Building EU AI Act Evidence Portfolios

Building EU AI Act Evidence Portfolios — Industry Applications & Case Studies — Applied depth — COMPEL Body of Knowledge.

12 min read Article 12 of 20

This article provides the practitioner-level guidance for building evidence portfolios that are complete, defensible, and maintainable over time.

The Evidence Hierarchy

EU AI Act compliance evidence is organised in a natural hierarchy. Understanding this hierarchy helps practitioners ensure completeness and trace every compliance claim to its supporting evidence.

Level 1: Classification Evidence

The foundation of the portfolio. Classification evidence supports the determination of which risk category each AI system falls into and, therefore, which obligations apply.

Required evidence includes:

  • AI system inventory with system metadata (name, version, provider, deployer, intended purpose, affected population, deployment geography)
  • Classification rationale document per system, referencing specific Articles and Annex categories
  • Article 6(3) exception assessment documentation (where the exception is claimed)
  • GPAI model identification and systemic risk threshold analysis
  • Legal opinion on classification (for edge cases)

Quality criteria:

  • Each classification must reference the specific Article and sub-paragraph relied upon
  • Assumptions must be explicitly stated (e.g., “We assume the system’s use case does not constitute profiling within the meaning of Article 6(3)”)
  • The classification must be signed off by a person with appropriate authority
  • Classifications must be reviewed when the system’s purpose, scope, or context changes

Level 2: Requirements Compliance Evidence

For each applicable requirement, the portfolio must contain evidence demonstrating compliance. This is the bulk of the portfolio for high-risk systems.

Article 9 — Risk Management Evidence:

  • Risk management plan (scope, methodology, criteria, roles)
  • Risk register (identified risks, severity, likelihood, risk treatment decisions)
  • Risk treatment effectiveness testing reports
  • Residual risk documentation and deployer communication
  • Post-market monitoring integration documentation
  • Risk management review records (evidence of continuous iteration)

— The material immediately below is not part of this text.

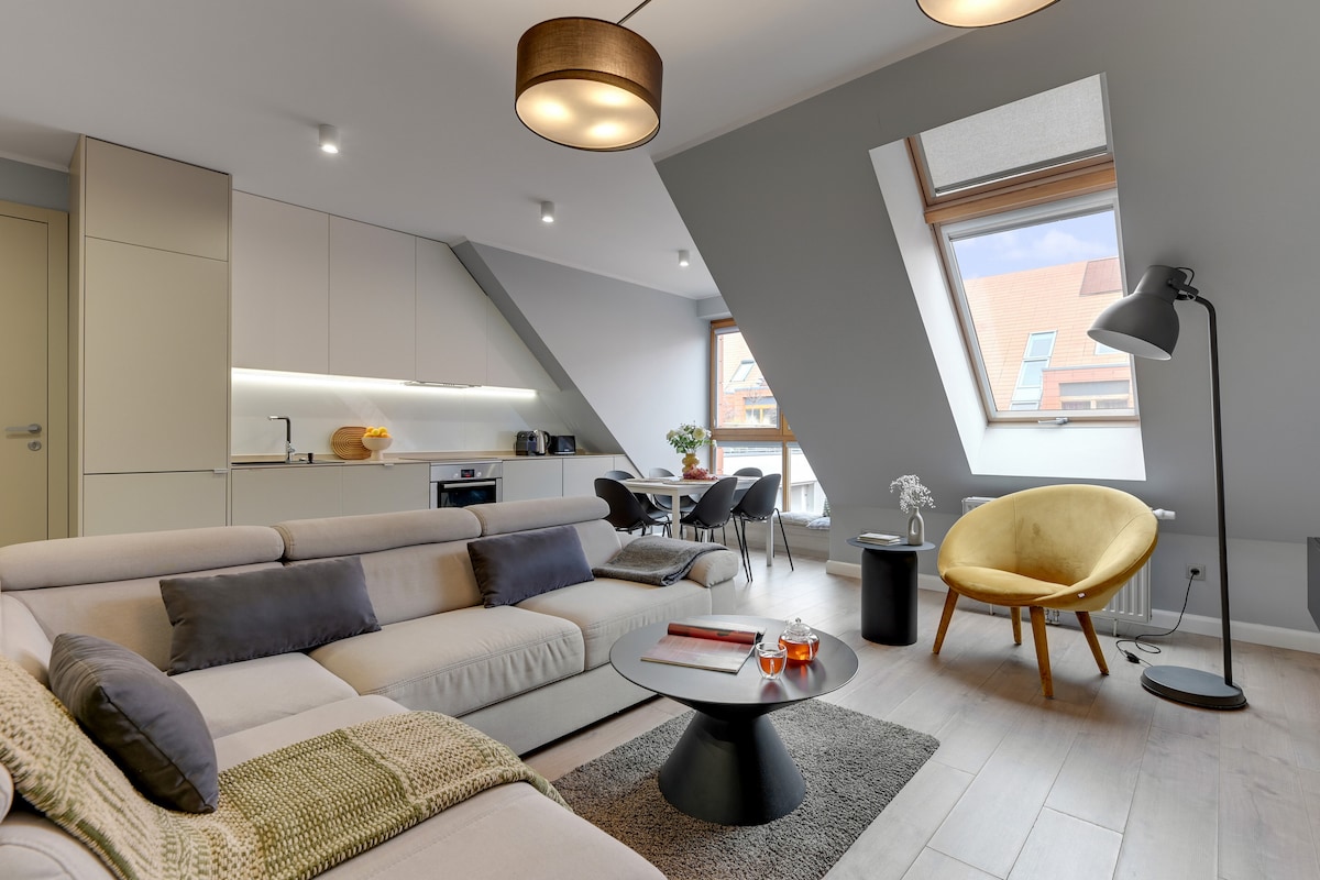 Şehri keşfetmekle geçen tam bir günün ardından kartpostal mükemmel manzaraları, üst düzey konforu ve uygun bir rahatlama dozunu birleştirebilir misiniz? Evet, yapabilirsiniz ve hepsini konforun sadece bir lüks değil, aynı zamanda bir gereklilik olduğu Chmielna 63 'teki modern binanın en üst katında bulabilirsiniz. Bu şık çatı katı, uyuyacak bir yerden çok daha fazlasıdır. Benzersiz ihtiyaçlarınızı karşılayabilecek çok yönlü bir alandır. Ayrıca, Gdańsk'ın Eski Şehir silüetinin nefes kesici manzarasına sahip geniş bir özel terasa sahiptir.

Article 10 — Data Governance Evidence:

  • Data governance policy for AI training, validation, and testing data
  • Data sourcing documentation (provenance, collection methods, consent basis)
  • Data quality assessment reports (completeness, representativeness, error rates)
  • Bias detection and mitigation analysis reports
  • Data gap analysis and remediation documentation
  • Statistical properties documentation for data sets
  • Personal data handling documentation (GDPR intersection where applicable)

Article 11 / Annex IV — Technical Documentation:

  • System description (purpose, developer, version, interfaces)
  • Development process documentation (design specifications, architecture, algorithms)
  • Training methodology documentation (objectives, hyperparameters, optimisation)
  • Validation and testing methodology and results
  • Performance metrics and their appropriateness justification
  • Change log documenting modifications through the lifecycle

Article 12 — Record-Keeping Evidence:

  • Logging system design specification
  • Sample log outputs demonstrating content requirements
  • Log retention policy and implementation evidence
  • Log integrity and tamper-protection mechanisms
  • Log analysis procedures for post-market monitoring

Article 13 — Transparency Evidence:

  • Instructions for use document (covering all Article 13(3) elements)
  • Provider contact information accessible to deployers
  • System capabilities and limitations description
  • Known circumstances that may lead to risks
  • Human oversight guidance for deployers

Article 14 — Human Oversight Evidence:

  • Human oversight design specification
  • Override and intervention mechanism testing results
  • Output interpretation aid documentation
  • Overseer training materials and completion records
  • Operational procedures for human oversight

Article 15 — Accuracy, Robustness, and Cybersecurity Evidence:

  • Accuracy metric declarations with validation methodology
  • Validation test results against declared accuracy levels
  • Robustness testing reports (errors, faults, distribution shifts)
  • Cybersecurity assessment reports (AI-specific and general)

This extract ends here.